About this task
An exact transcription of every record is needed, leaving out the pictures.

Entries taken from a collection:

BEGIN

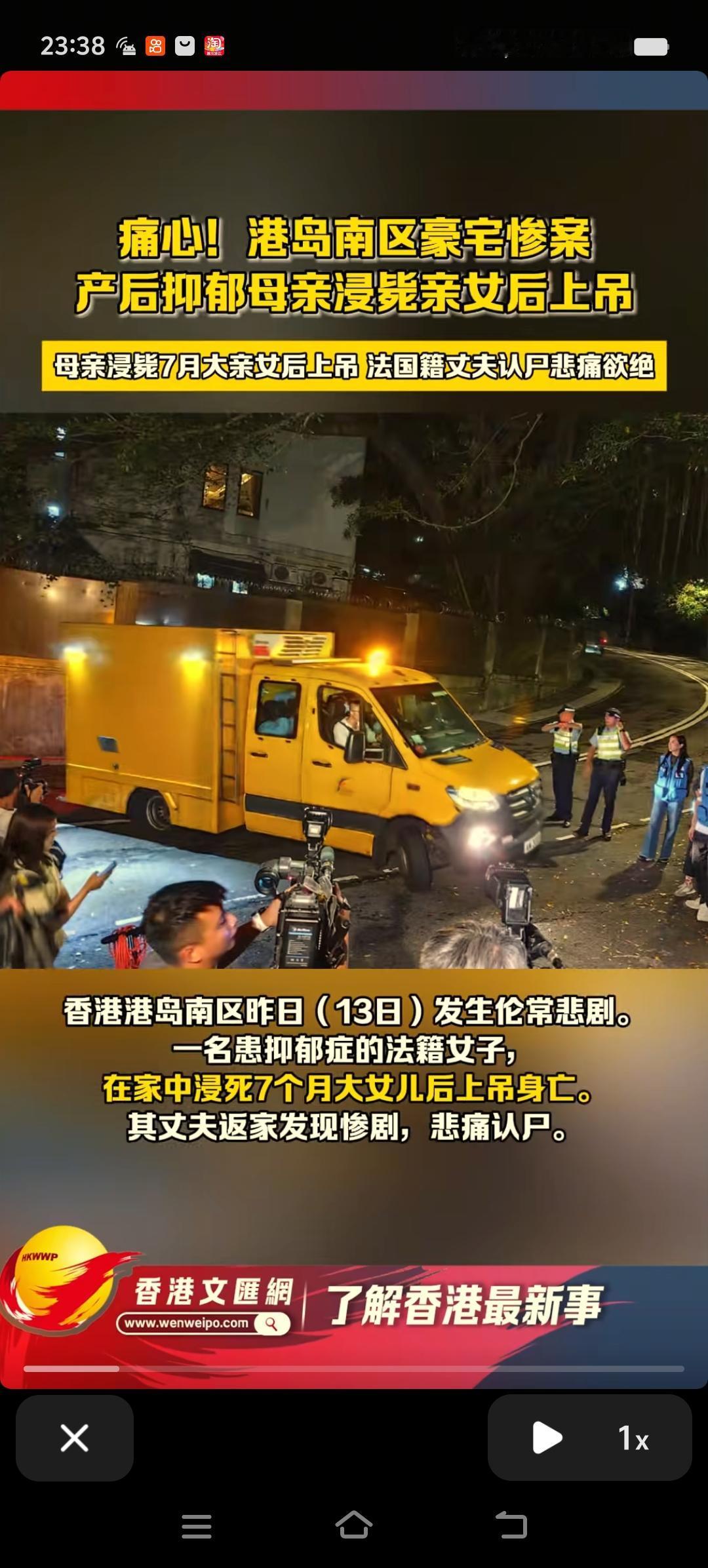 2025年10月13日,星期一,下午4时左右,香港寿山村道6A寿山花园发生一起母女双尸案,据说女子产后抑郁,溺亡了自己几个月大的孩子之后自缢身亡,产后抑郁需要做好心理辅导和干预,别让产后抑郁害了一个家庭,这位法籍妈妈非常痛苦,对不起自己的老公,却也舍不得自己的骨肉与自己分离,于是,她带走了自己的孩子,留下丈夫痛苦的思念。
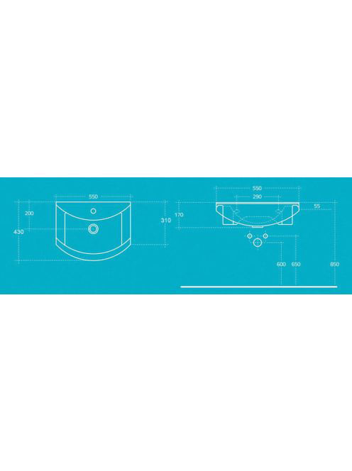 Aqualine Zero kerámia mosdó 55x43,5 cm, fehér 6055 - FürdőszAqualine Zero kerámia mosdó 55x43,5 cm, fehér 6055 - Fürdősz
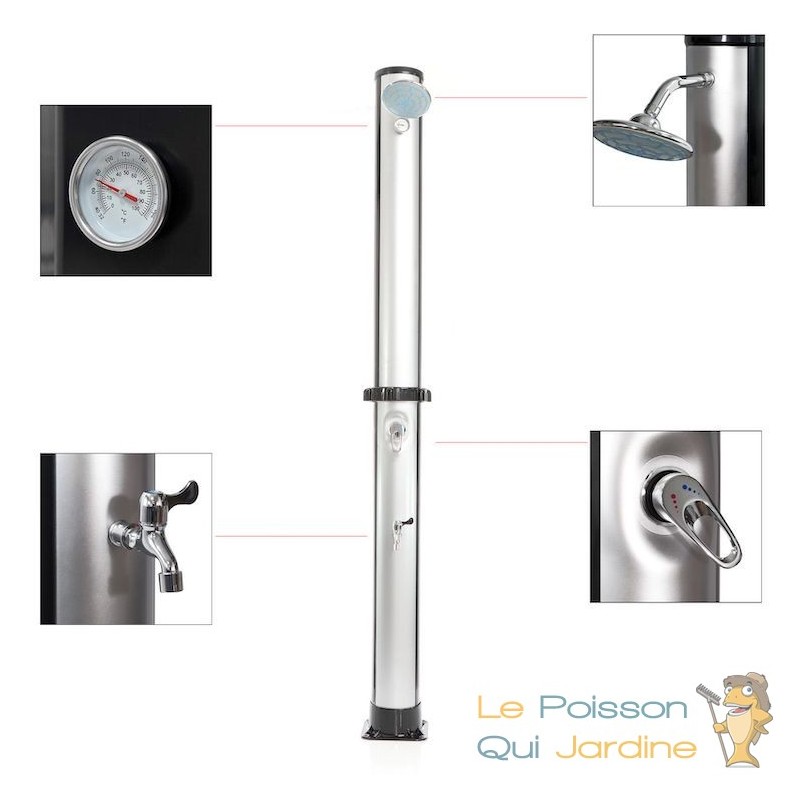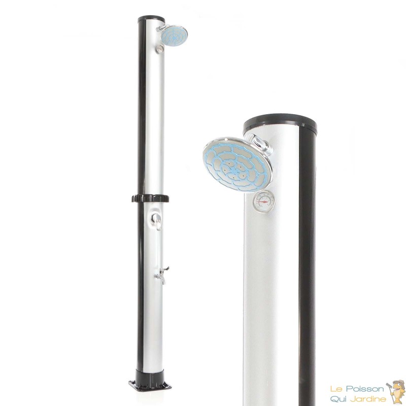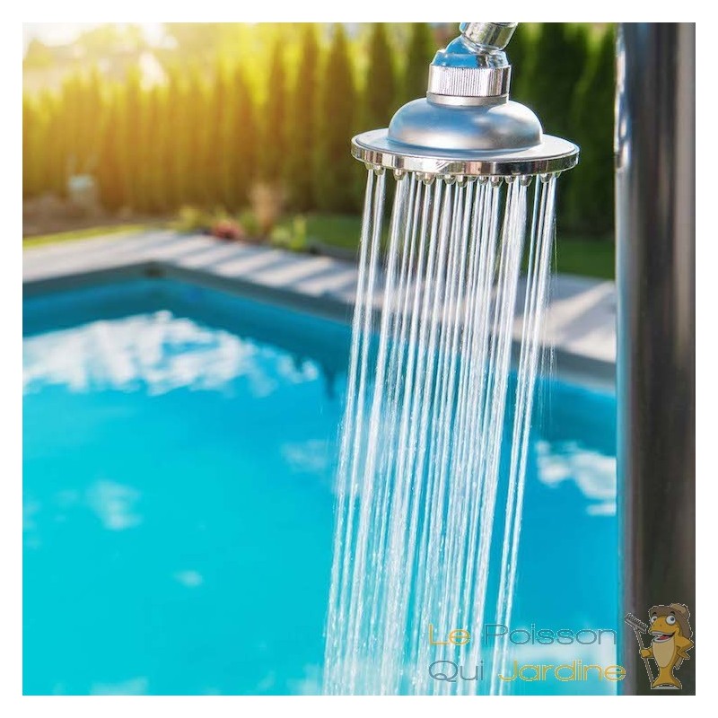 Plongez dans une expérience de douche revitalisante avant et après votre baignade dans la piscine avec notre douche solaire. Cette douche vous offre un pommeau de douche généreux placé en hauteur pour vous offrir une sensation de douche sous une pluie rafraîchissante, créant ainsi une ambiance de spa et de bien-être. La douche est également équipée d'un robinet mitigeur pour un réglage en continu de la température de l'eau, ainsi que d'un robinet supplémentaire pour vous permettre de vous laver les pieds facilement.
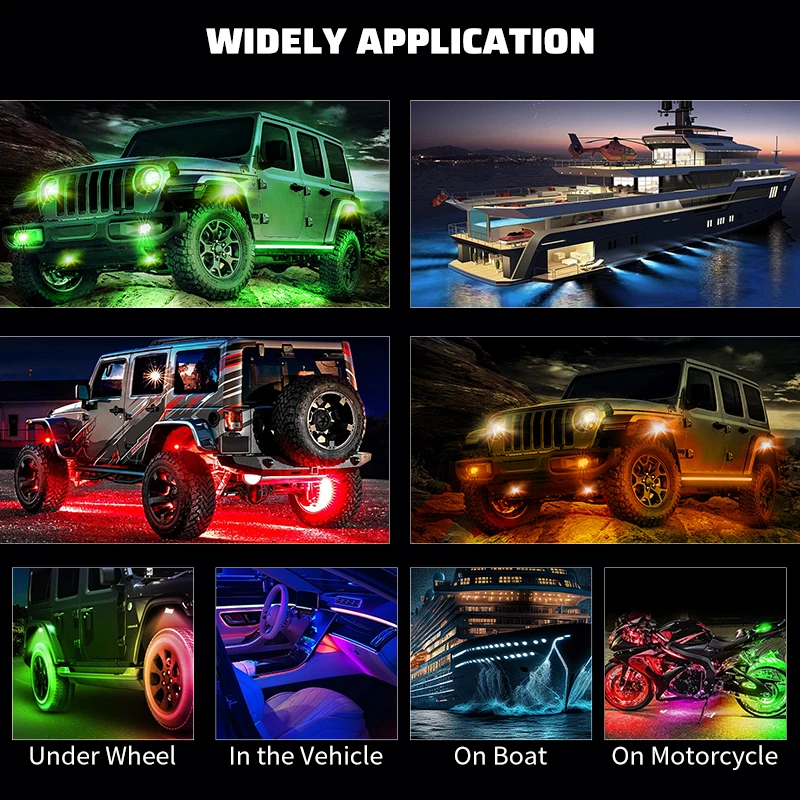 Widely used in off-road, SUV, four-wheeled vehicles, ATV, UTV, trucks, cars, boats, golf carts and so on.
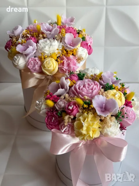 Букет от ръчно изработени ароматни соеви свещи под формата на различни видове цветя, ухаещи невероятно.
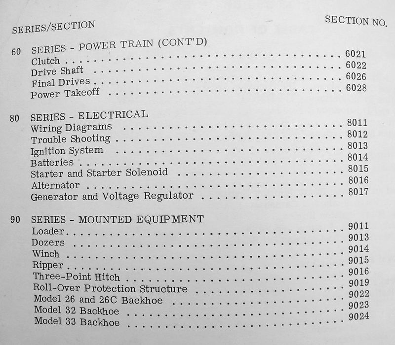 - Detailed sections on winch 9, 26 and 26C backhoes, 32 backhoe, and 33 backhoe.
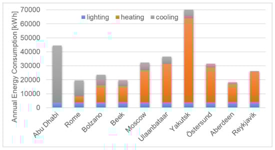 We selected 10 different locations across various climate zones, ranging from hot over intermediate to cold climates, for modeling the energy consumption of the residential building. To select locations with different ratios of heating and cooling demand over the year, we first modeled the annual energy consumption due to heating, cooling and lighting of the residential building with double clear glazing. Afterwards we compared the heating and cooling demand for each location (Figure 5) and chose for this study (i) a hot location with only cooling demand over the year (Abu Dhabi/UAE), (ii) a hot location with annual cooling demand being 3 times the annual heating demand (Rome/Italy), (iii) four locations with warm to intermediate climates where the annual heating demand equals 2–5 times the annual cooling demand (Bolzano/Italy, Beek/Netherlands, Moscow/Russia, Ulaanbaatar/Mongolia), (iv) three locations with intermediate to cold climate where the annual heating demand is 10 times the annual cooling demand but with difference in temperature spread over the year (Yakutsk/Russia, Östersund/Sweden, Aberdeen/Scotland), and (v) a cold climate location with almost no cooling demand (Reykjavik/Iceland; Table 2). These 10 regions were selected to represent all climate zones in the northern hemisphere, including extreme climates with either solely heating or cooling demand, and climates with both extreme temperatures in summer as in winter. Using all these locations in our study on energy performance of the 5 selected representative energy-efficient glazing solutions enables us to give adequate advice on which glazing solution to choose at all different climates across the northern hemisphere.
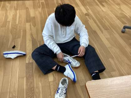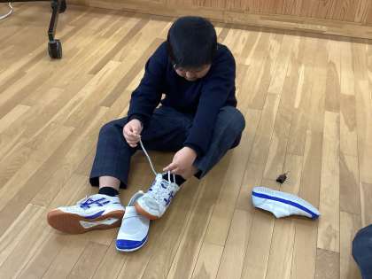 実際に自分の靴紐で練習しています。
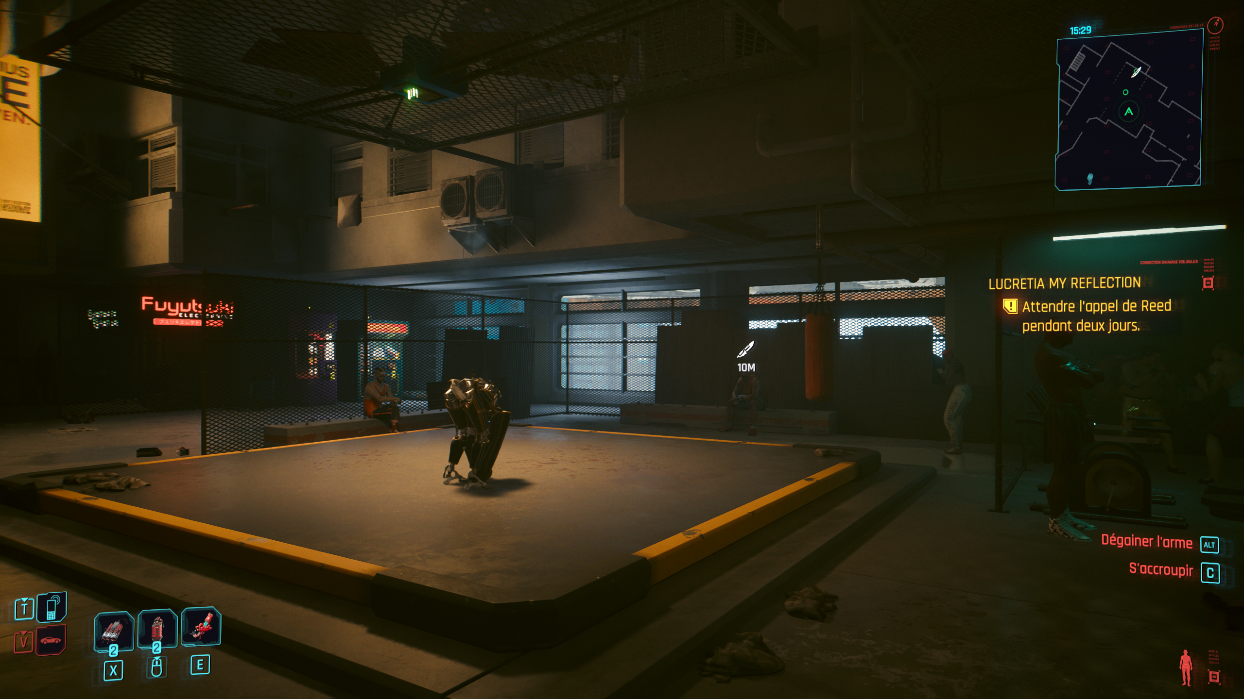 Pour commencer la quête, vous devrez aller voir Coach Fred qui est juste à côté de l’appartement de V. Prenez le téléporteur Atrium – Megabuilding
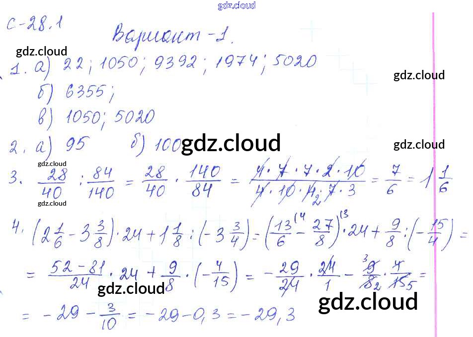 1. Варианты Ответы к СР-28 по Математике 6 класс Самостоятельные работы Зубарева УМК Мнемозина
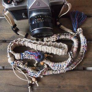 商品紹介: 手染めの段染めヘンプを編み込んだ手作り1点物の麻紐ヘンプカメラストラップです。
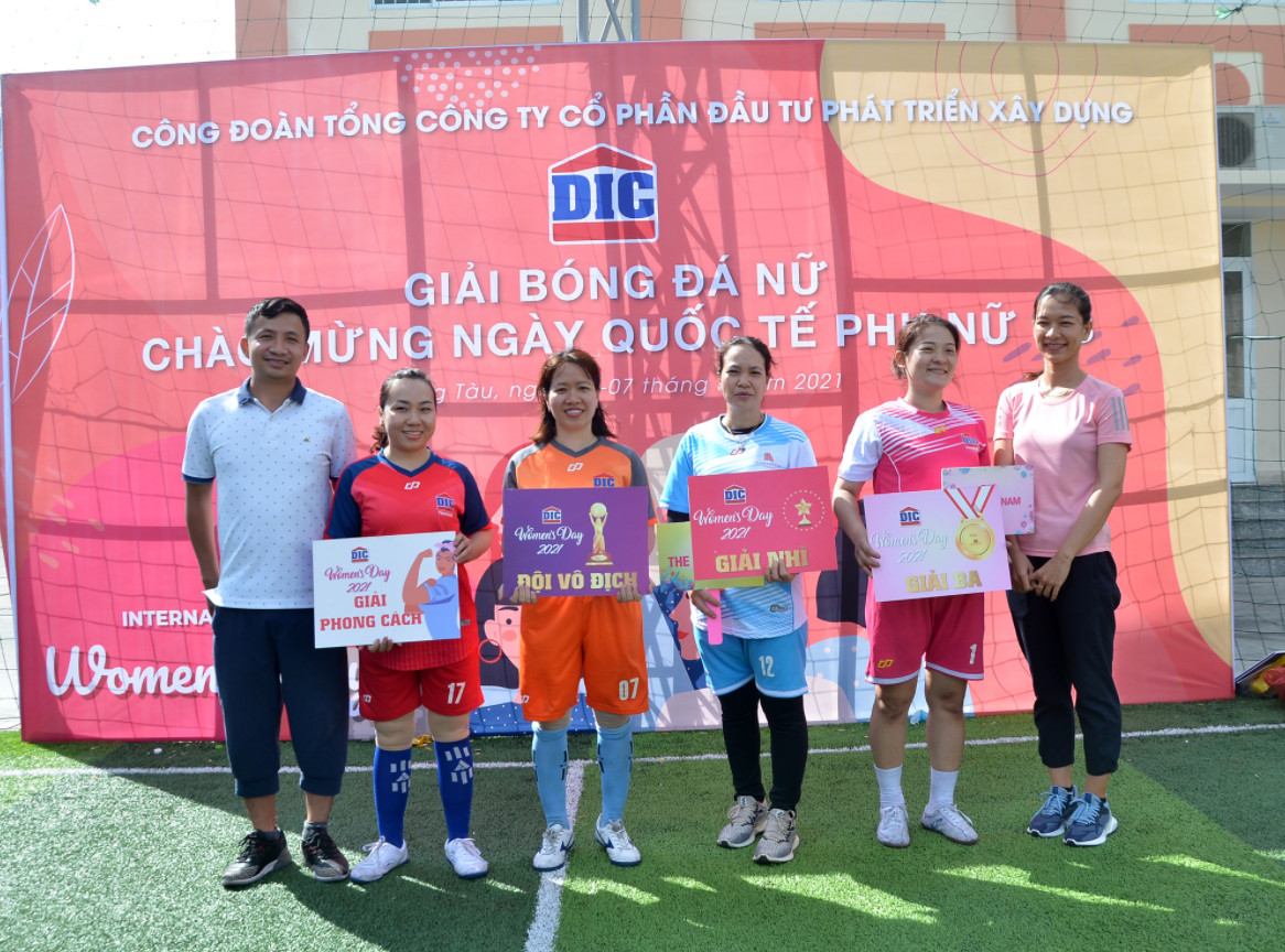 Giải bóng đá nữ năm nay thu hút 8 đội tham gia với hơn 100 nữ vận động viên đến từ các đơn vị: CĐCS DIC Corp, CĐCS DIC Phương Nam, CĐCS DIC Sport, CĐCS DIC The Landmark, CĐCS DIC Resco, CĐCS DIC Tourism, CĐCS DIC số 1 và CĐCS DIC số 2. Các đội tham dự thi đấu theo Luật Bóng đá mini 5 người và theo thể thức loại trực tiếp vào thi đấu các trận bán kết, chung kết.

END

Written answer
 2025年10月13日,星期一,下午4时左右,香港寿山村道6A寿山花园发生一起母女双尸案,据说女子产后抑郁,溺亡了自己几个月大的孩子之后自缢身亡,产后抑郁需要做好心理辅导和干预,别让产后抑郁害了一个家庭,这位法籍妈妈非常痛苦,对不起自己的老公,却也舍不得自己的骨肉与自己分离,于是,她带走了自己的孩子,留下丈夫痛苦的思念。
 Aqualine Zero kerámia mosdó 55x43,5 cm, fehér 6055 - FürdőszAqualine Zero kerámia mosdó 55x43,5 cm, fehér 6055 - Fürdősz
 Plongez dans une expérience de douche revitalisante avant et après votre baignade dans la piscine avec notre douche solaire. Cette douche vous offre un pommeau de douche généreux placé en hauteur pour vous offrir une sensation de douche sous une pluie rafraîchissante, créant ainsi une ambiance de spa et de bien-être. La douche est également équipée d'un robinet mitigeur pour un réglage en continu de la température de l'eau, ainsi que d'un robinet supplémentaire pour vous permettre de vous laver les pieds facilement.
 Widely used in off-road, SUV, four-wheeled vehicles, ATV, UTV, trucks, cars, boats, golf carts and so on.
 Букет от ръчно изработени ароматни соеви свещи под формата на различни видове цветя, ухаещи невероятно.
 - Detailed sections on winch 9, 26 and 26C backhoes, 32 backhoe, and 33 backhoe.
 We selected 10 different locations across various climate zones, ranging from hot over intermediate to cold climates, for modeling the energy consumption of the residential building. To select locations with different ratios of heating and cooling demand over the year, we first modeled the annual energy consumption due to heating, cooling and lighting of the residential building with double clear glazing. Afterwards we compared the heating and cooling demand for each location (Figure 5) and chose for this study (i) a hot location with only cooling demand over the year (Abu Dhabi/UAE), (ii) a hot location with annual cooling demand being 3 times the annual heating demand (Rome/Italy), (iii) four locations with warm to intermediate climates where the annual heating demand equals 2–5 times the annual cooling demand (Bolzano/Italy, Beek/Netherlands, Moscow/Russia, Ulaanbaatar/Mongolia), (iv) three locations with intermediate to cold climate where the annual heating demand is 10 times the annual cooling demand but with difference in temperature spread over the year (Yakutsk/Russia, Östersund/Sweden, Aberdeen/Scotland), and (v) a cold climate location with almost no cooling demand (Reykjavik/Iceland; Table 2). These 10 regions were selected to represent all climate zones in the northern hemisphere, including extreme climates with either solely heating or cooling demand, and climates with both extreme temperatures in summer as in winter. Using all these locations in our study on energy performance of the 5 selected representative energy-efficient glazing solutions enables us to give adequate advice on which glazing solution to choose at all different climates across the northern hemisphere.
 実際に自分の靴紐で練習しています。
 Pour commencer la quête, vous devrez aller voir Coach Fred qui est juste à côté de l’appartement de V. Prenez le téléporteur Atrium – Megabuilding
 1. Варианты Ответы к СР-28 по Математике 6 класс Самостоятельные работы Зубарева УМК Мнемозина
 商品紹介: 手染めの段染めヘンプを編み込んだ手作り1点物の麻紐ヘンプカメラストラップです。
 Giải bóng đá nữ năm nay thu hút 8 đội tham gia với hơn 100 nữ vận động viên đến từ các đơn vị: CĐCS DIC Corp, CĐCS DIC Phương Nam, CĐCS DIC Sport, CĐCS DIC The Landmark, CĐCS DIC Resco, CĐCS DIC Tourism, CĐCS DIC số 1 và CĐCS DIC số 2. Các đội tham dự thi đấu theo Luật Bóng đá mini 5 người và theo thể thức loại trực tiếp vào thi đấu các trận bán kết, chung kết.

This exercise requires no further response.